Primary Biliary Cholangitis (PBC) is a chronic, inflammatory autoimmune disease that affects the liver.1,2 It is a rare disease that is most commonly diagnosed in patients in their fifties, but can be diagnosed between the ages of 30 and 70 years old.PBC is characterised by the immune system attacking and gradually destroying the bile ducts.3 As a result, bile acids are poorly eliminated from the bile ducts, which normally take bile from the liver to the gut.2,3 This reduction or stoppage of bile flow is known as cholestasis. The build-up of bile acid in the bile ducts causes damage to the liver.2

Liver diagram

Without treatment, PBC can progress to cirrhosis and eventually lead to liver failure.1,3

Diagnosis

PBC can be identified through blood tests and many patients are diagnosed following a referral from a routine blood test for a different reason.4

Patients are suspected to have PBC if they present with:4,5

  • Elevated alkaline phosphatase (ALP), an enzyme in the bloodstream that is an early indicator of PBC
  • Presence of antimitochondrial antibodies (antibodies that are found in around 95% of patients with PBC)
  • Cholestasis (the reduction or stoppage of bile flow)

Symptoms

Many patients with PBC don’t present with symptoms at time of diagnosis, but may have common symptoms such as fatigue and pruritus.1,5

  • Fatigue is reported in over 50% of patients with PBC and can range from weariness (e.g. struggling to prepare a meal, climb the stairs, perform housework) to complete exhaustion,6 however this can vary considerably from one patient to another.1,7 Any patients with PBC who are experiencing fatigue should discuss their symptoms with their healthcare provider to determine the most appropriate treatment course for them. 
  • Cholestatic pruritus (or itch) is an unpleasant sensation, which leads to the need to scratch.8 It is a major symptom of PBC, affecting up to 70% of patients at some point in their illness.9,10 Pruritus is likely caused by cholestasis, which leads to an increase in concentration of one or more of the substances in the blood that cause pruritus.8 These substances are thought to activate nerve endings, which relay an itch sensation to the brain.10 Any patients experiencing pruritus should discuss their symptoms with their healthcare provider to determine the most appropriate treatment course for them.

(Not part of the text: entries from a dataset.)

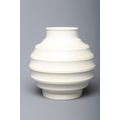 KEITH MURRAY FOR WEDGWOOD - A MOONSTONE POTTERY FOOTBALL VASE, printed Keith Murray, WEDGWOOD MADE IN ENGLAND in blue, 7 1/4" high (Est. plus 24% premium inc. VAT)
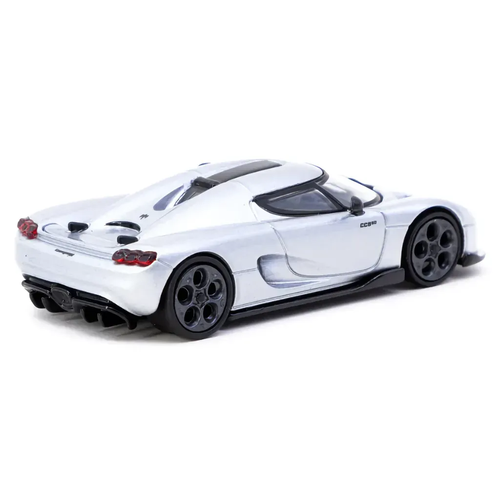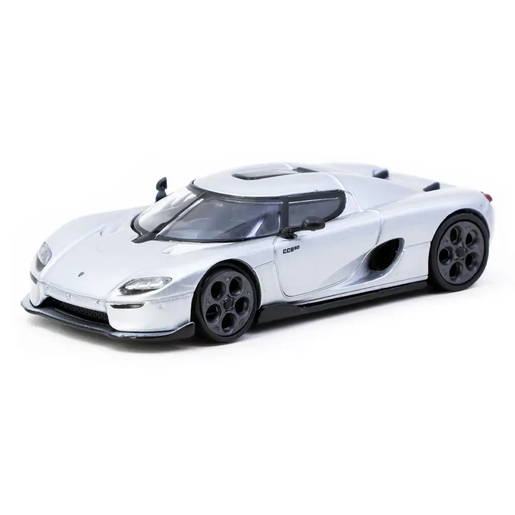 Silverfärgad Koenigsegg CC850 från modellbilstillverkaren Tarmac Works och serien GLOBAL64 i skala 1:64 (ca 7 cm).
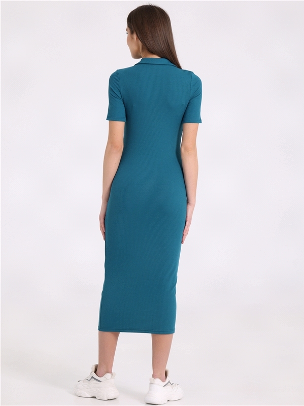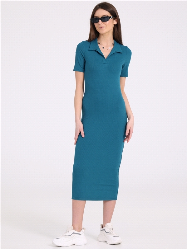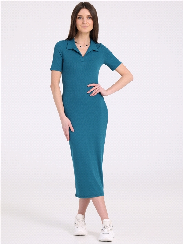 Стильное платье-поло выполнено из ластика - эластичного вискозного полотна в рубчик. Изделие прилегающего силуэта с короткими рукавами и v-образным вырезом горловины с классическим воротником. Отличны... Показать описанией выбор на каждый день! Уход: только машинная стирка (руками не стирать!) при температуре 40 градусов, без предварительного замачивания. Состав: ластик / вискоза 95% + лайкра 5%.
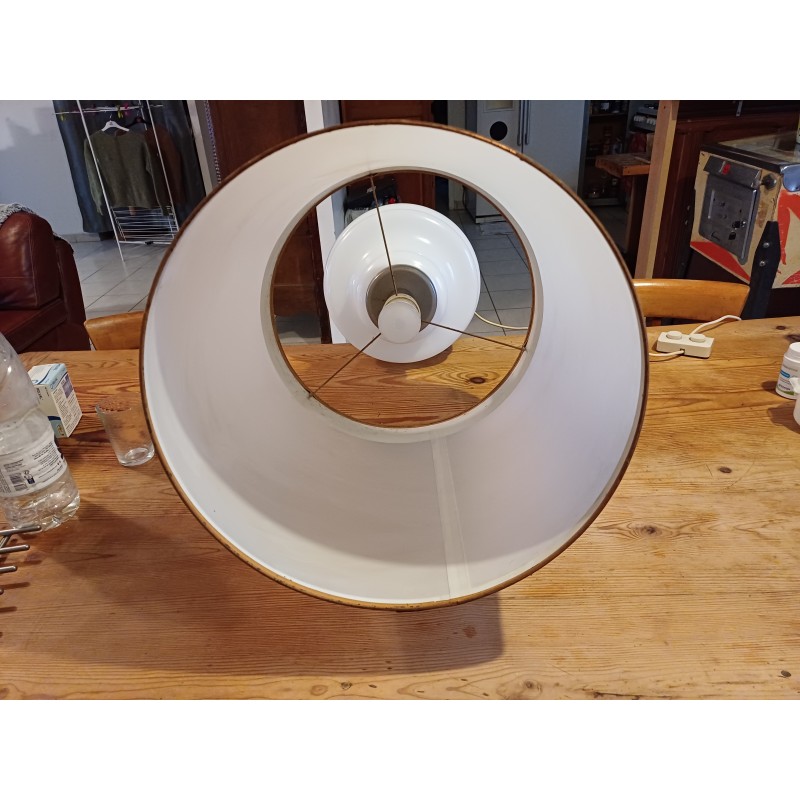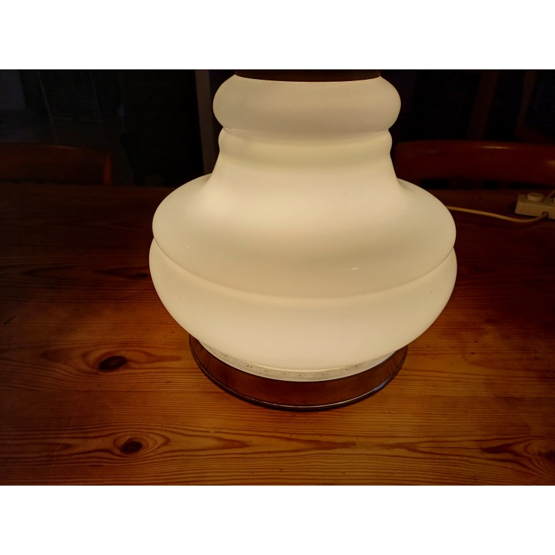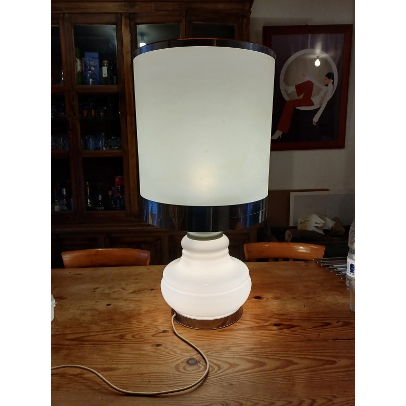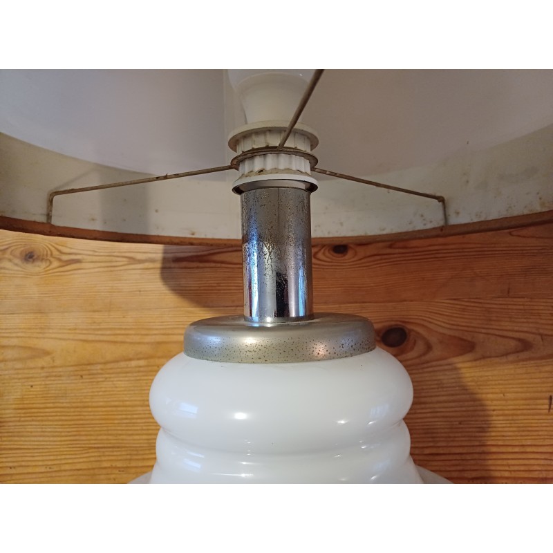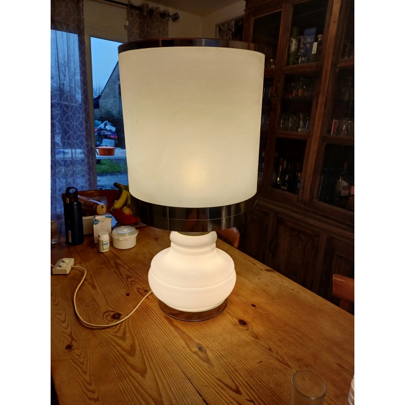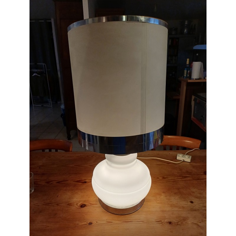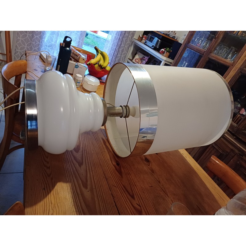 Lampe Vintage des Années 70 Opaline Blanche , cerclage chromé sur l'opaline er sur l'abat jour d'origine en tissus plastifié , interrupteur a 2 boutons pressions allumant soit l'opaline soit l'abat jour ou les 2 en mème temps ; Haut : 80 cm , Haut opaline : 30 cm , diam : 40 cm , poids : 3 Kg , très bon état

It is important to note that there is no correlation between disease activity or progression and the severity of fatigue and pruritus symptoms1

  1. Poupon R. J Hepatol 2010;52:745–58. 
  2. Dyson JK, et al. Nat Rev Gastroenterol Hepatol. 2015;12:147–58. 
  3. Lowth M. Patient, Primary Biliary Cholangitis – Symptoms and treatments. Available at https://patient.info/health/abnormal-liver-function-tests-leaflet/primary-biliary-cholangitis (accessed September 2018).
  4. Hirschfield GM, et al. Gut. 2018;0:1-27.
  5. EASL guidelines. J Hepatol. 2017;67:145-172. 
  6. Cauch-Dudek K et al. Gut. 1998;43:705-710.
  7. Abbas G, et al. Nat. Rev. Gastroenterol. Hepatol. 2010;7:313-319.
  8. Bergasa NV. Journal of Hepatology. 2005;43:1078-1088.
  9. Kaplan MM, et al. N Engl J Med. 2005;353:1261-1273. 
  10. Trivedi HD, et al. The American Journal of Medicine. 2017;130:744.e1-744.e7.